● **Task requirements**:
One exact copy of the listing is needed. It should contain no pictures.

● **Raw data**:
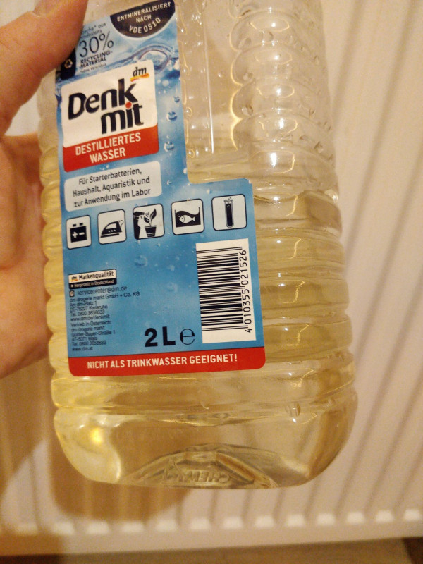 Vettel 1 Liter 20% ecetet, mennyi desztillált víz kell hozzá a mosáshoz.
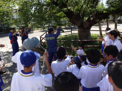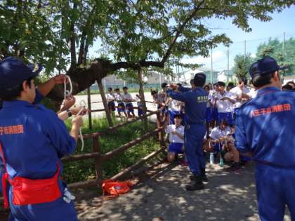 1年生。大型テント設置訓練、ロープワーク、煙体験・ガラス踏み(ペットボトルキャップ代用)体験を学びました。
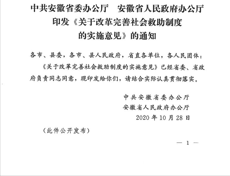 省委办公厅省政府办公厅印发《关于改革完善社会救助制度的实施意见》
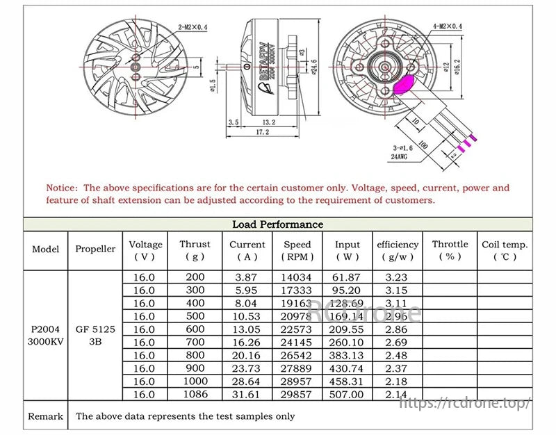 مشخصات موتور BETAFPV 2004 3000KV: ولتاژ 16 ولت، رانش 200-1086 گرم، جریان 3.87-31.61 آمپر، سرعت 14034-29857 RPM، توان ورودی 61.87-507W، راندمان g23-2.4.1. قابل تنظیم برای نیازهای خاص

● **Exercise response**:
 Vettel 1 Liter 20% ecetet, mennyi desztillált víz kell hozzá a mosáshoz.
 1年生。大型テント設置訓練、ロープワーク、煙体験・ガラス踏み(ペットボトルキャップ代用)体験を学びました。
 省委办公厅省政府办公厅印发《关于改革完善社会救助制度的实施意见》
 مشخصات موتور BETAFPV 2004 3000KV: ولتاژ 16 ولت، رانش 200-1086 گرم، جریان 3.87-31.61 آمپر، سرعت 14034-29857 RPM، توان ورودی 61.87-507W، راندمان g23-2.4.1. قابل تنظیم برای نیازهای خاص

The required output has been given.